Given data:

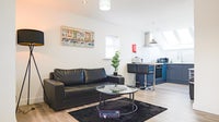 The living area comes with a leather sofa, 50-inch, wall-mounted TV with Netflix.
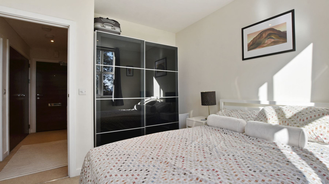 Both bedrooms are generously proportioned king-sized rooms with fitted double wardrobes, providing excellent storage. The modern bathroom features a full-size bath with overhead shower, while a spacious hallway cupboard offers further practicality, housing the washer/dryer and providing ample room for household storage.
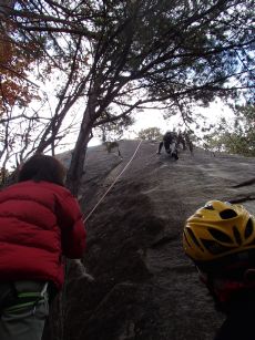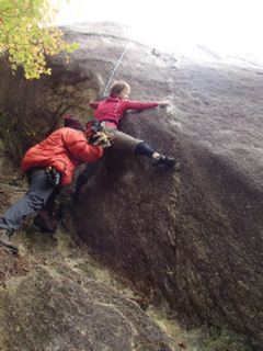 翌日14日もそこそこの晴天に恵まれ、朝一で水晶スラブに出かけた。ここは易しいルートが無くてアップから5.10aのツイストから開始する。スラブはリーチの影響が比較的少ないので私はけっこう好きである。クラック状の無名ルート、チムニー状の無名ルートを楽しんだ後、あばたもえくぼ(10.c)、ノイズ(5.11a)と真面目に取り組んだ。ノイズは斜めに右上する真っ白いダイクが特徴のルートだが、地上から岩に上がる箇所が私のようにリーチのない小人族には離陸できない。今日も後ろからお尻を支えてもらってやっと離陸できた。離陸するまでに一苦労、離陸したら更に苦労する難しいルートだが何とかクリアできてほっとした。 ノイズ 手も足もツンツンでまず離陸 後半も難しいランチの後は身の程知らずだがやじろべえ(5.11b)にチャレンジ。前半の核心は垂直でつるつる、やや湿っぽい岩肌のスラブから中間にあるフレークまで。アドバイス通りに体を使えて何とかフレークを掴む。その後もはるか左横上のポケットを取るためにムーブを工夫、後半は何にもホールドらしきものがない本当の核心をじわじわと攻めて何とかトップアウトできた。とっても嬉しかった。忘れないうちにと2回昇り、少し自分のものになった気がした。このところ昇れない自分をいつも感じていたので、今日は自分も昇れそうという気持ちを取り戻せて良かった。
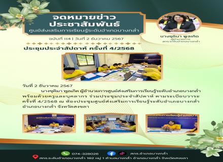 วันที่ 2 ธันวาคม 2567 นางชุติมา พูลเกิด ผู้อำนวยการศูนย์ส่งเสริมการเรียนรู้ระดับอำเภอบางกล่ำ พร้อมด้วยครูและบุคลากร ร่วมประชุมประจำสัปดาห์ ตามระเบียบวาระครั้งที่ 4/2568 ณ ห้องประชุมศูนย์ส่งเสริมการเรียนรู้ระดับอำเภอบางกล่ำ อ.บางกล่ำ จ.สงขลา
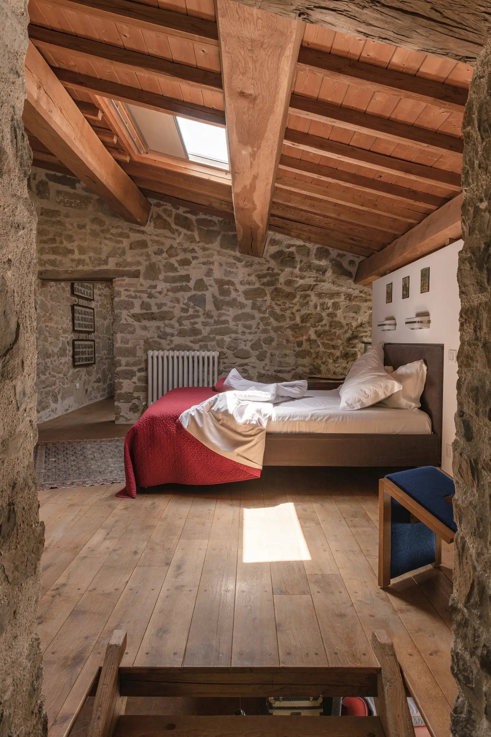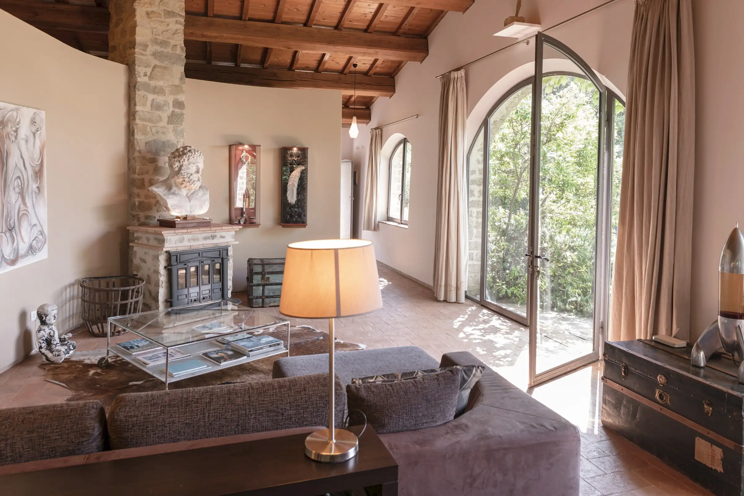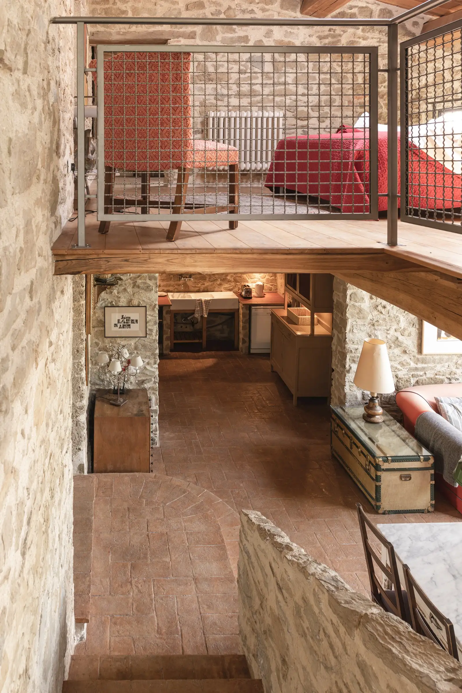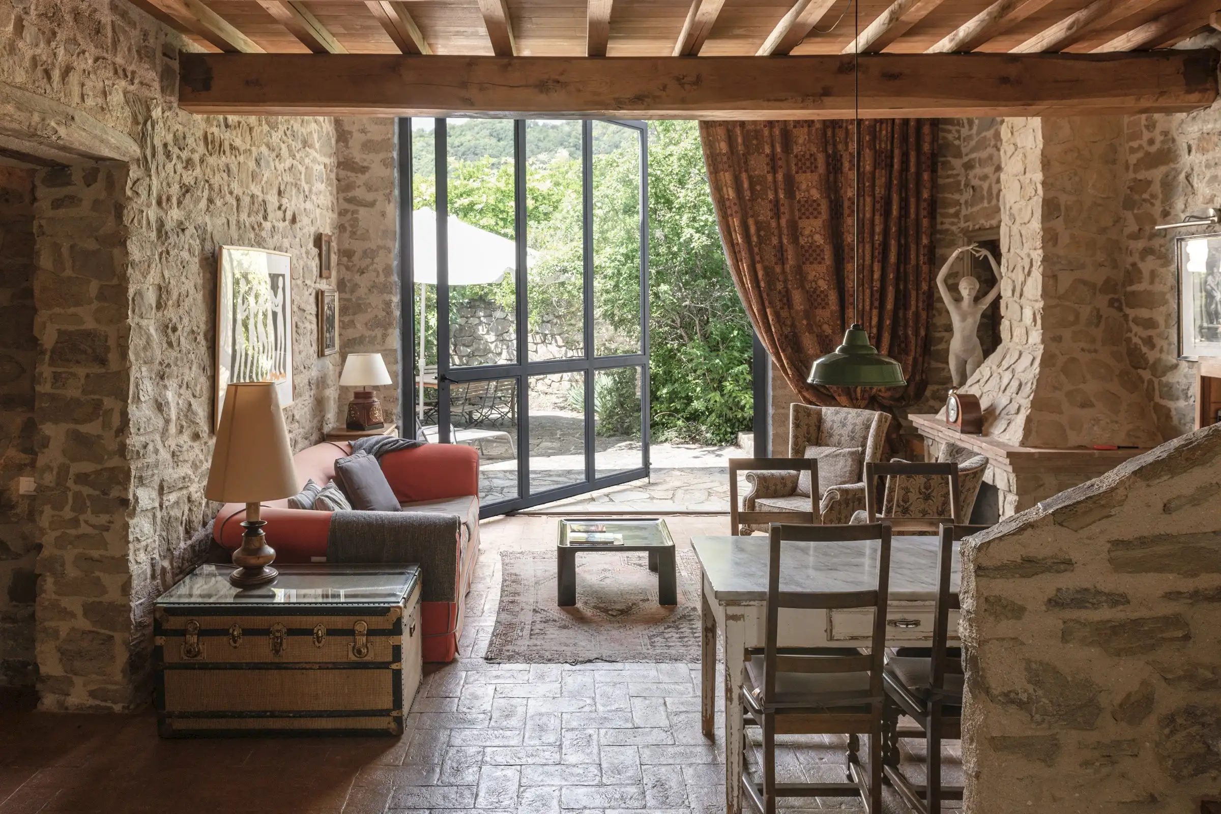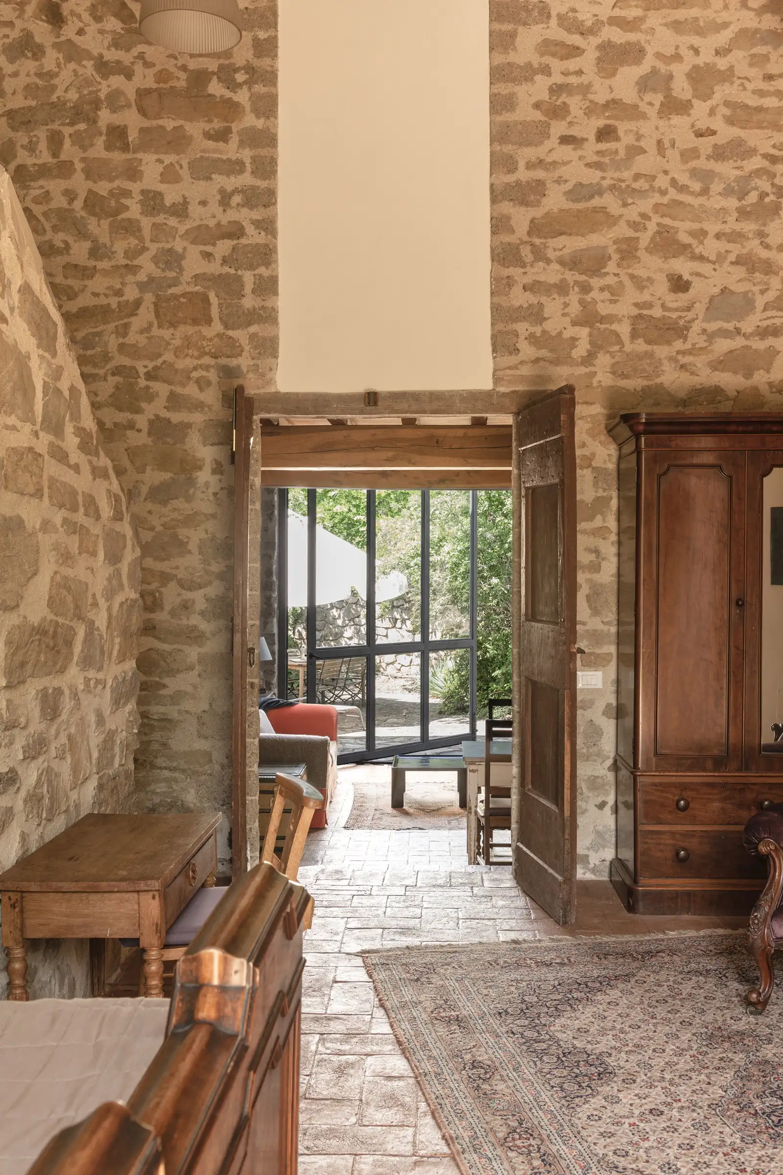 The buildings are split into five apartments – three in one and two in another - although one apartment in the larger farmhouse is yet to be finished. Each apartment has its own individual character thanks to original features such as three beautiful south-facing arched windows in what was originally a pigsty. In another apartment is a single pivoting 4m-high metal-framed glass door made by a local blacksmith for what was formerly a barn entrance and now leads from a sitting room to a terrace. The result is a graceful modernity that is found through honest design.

Exercise objective:
Leave out the pictures, then copy all the remaining text in the records exactly.

Output for this task:
 The living area comes with a leather sofa, 50-inch, wall-mounted TV with Netflix.
 Both bedrooms are generously proportioned king-sized rooms with fitted double wardrobes, providing excellent storage. The modern bathroom features a full-size bath with overhead shower, while a spacious hallway cupboard offers further practicality, housing the washer/dryer and providing ample room for household storage.
 翌日14日もそこそこの晴天に恵まれ、朝一で水晶スラブに出かけた。ここは易しいルートが無くてアップから5.10aのツイストから開始する。スラブはリーチの影響が比較的少ないので私はけっこう好きである。クラック状の無名ルート、チムニー状の無名ルートを楽しんだ後、あばたもえくぼ(10.c)、ノイズ(5.11a)と真面目に取り組んだ。ノイズは斜めに右上する真っ白いダイクが特徴のルートだが、地上から岩に上がる箇所が私のようにリーチのない小人族には離陸できない。今日も後ろからお尻を支えてもらってやっと離陸できた。離陸するまでに一苦労、離陸したら更に苦労する難しいルートだが何とかクリアできてほっとした。 ノイズ 手も足もツンツンでまず離陸 後半も難しいランチの後は身の程知らずだがやじろべえ(5.11b)にチャレンジ。前半の核心は垂直でつるつる、やや湿っぽい岩肌のスラブから中間にあるフレークまで。アドバイス通りに体を使えて何とかフレークを掴む。その後もはるか左横上のポケットを取るためにムーブを工夫、後半は何にもホールドらしきものがない本当の核心をじわじわと攻めて何とかトップアウトできた。とっても嬉しかった。忘れないうちにと2回昇り、少し自分のものになった気がした。このところ昇れない自分をいつも感じていたので、今日は自分も昇れそうという気持ちを取り戻せて良かった。
 วันที่ 2 ธันวาคม 2567 นางชุติมา พูลเกิด ผู้อำนวยการศูนย์ส่งเสริมการเรียนรู้ระดับอำเภอบางกล่ำ พร้อมด้วยครูและบุคลากร ร่วมประชุมประจำสัปดาห์ ตามระเบียบวาระครั้งที่ 4/2568 ณ ห้องประชุมศูนย์ส่งเสริมการเรียนรู้ระดับอำเภอบางกล่ำ อ.บางกล่ำ จ.สงขลา
 The buildings are split into five apartments – three in one and two in another - although one apartment in the larger farmhouse is yet to be finished. Each apartment has its own individual character thanks to original features such as three beautiful south-facing arched windows in what was originally a pigsty. In another apartment is a single pivoting 4m-high metal-framed glass door made by a local blacksmith for what was formerly a barn entrance and now leads from a sitting room to a terrace. The result is a graceful modernity that is found through honest design.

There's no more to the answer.